** Provided records follows **

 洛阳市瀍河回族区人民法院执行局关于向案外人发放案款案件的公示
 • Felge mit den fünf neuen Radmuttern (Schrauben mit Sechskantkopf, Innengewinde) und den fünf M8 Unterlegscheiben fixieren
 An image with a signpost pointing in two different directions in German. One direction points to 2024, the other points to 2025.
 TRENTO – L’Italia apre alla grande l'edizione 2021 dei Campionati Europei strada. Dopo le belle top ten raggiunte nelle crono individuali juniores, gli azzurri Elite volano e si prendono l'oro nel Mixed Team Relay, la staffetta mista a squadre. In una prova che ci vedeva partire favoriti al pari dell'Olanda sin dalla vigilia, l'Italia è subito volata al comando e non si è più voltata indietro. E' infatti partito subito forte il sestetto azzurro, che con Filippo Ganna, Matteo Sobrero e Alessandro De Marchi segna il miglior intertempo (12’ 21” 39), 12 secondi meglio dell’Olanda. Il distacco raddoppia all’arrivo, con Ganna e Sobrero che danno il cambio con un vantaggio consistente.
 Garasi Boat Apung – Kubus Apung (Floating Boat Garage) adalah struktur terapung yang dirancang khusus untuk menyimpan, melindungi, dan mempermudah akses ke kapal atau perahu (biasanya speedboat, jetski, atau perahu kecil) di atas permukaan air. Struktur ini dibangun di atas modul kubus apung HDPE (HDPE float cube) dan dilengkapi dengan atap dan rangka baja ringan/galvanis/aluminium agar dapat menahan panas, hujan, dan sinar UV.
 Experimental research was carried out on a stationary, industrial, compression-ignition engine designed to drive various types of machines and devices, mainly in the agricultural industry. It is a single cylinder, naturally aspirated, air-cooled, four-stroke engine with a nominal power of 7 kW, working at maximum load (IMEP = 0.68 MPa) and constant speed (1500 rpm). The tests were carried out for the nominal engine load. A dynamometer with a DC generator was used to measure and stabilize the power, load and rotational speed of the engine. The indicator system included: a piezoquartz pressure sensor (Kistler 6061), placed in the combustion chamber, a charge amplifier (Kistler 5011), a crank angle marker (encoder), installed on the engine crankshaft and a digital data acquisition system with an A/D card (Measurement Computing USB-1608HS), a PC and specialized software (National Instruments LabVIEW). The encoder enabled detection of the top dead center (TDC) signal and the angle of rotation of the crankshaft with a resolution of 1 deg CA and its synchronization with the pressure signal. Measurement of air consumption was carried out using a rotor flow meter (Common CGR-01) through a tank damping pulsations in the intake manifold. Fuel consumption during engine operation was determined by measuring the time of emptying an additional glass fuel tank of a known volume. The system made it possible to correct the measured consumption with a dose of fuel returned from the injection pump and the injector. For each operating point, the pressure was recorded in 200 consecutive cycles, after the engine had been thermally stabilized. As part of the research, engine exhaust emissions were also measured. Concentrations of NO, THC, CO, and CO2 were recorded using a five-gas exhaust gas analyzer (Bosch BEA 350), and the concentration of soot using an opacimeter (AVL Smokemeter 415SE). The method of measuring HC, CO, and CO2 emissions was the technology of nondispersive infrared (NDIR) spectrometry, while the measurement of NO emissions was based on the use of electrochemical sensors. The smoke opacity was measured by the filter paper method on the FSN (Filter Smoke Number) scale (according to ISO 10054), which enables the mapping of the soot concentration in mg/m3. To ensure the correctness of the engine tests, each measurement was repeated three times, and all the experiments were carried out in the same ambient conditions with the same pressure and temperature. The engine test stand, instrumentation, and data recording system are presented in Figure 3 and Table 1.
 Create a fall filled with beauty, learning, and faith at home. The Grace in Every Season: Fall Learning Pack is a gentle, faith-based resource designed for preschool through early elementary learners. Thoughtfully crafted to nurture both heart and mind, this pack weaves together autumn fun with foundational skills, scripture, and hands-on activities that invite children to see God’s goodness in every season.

** End of Provided records **

Directions:
Look through the data above and return exactly the lines from the one that contains "M8 Unterlegscheiben fixieren" to the one that contains "An image with", inclusive, with nothing else.

Answer space:
 • Felge mit den fünf neuen Radmuttern (Schrauben mit Sechskantkopf, Innengewinde) und den fünf M8 Unterlegscheiben fixieren
 An image with a signpost pointing in two different directions in German. One direction points to 2024, the other points to 2025.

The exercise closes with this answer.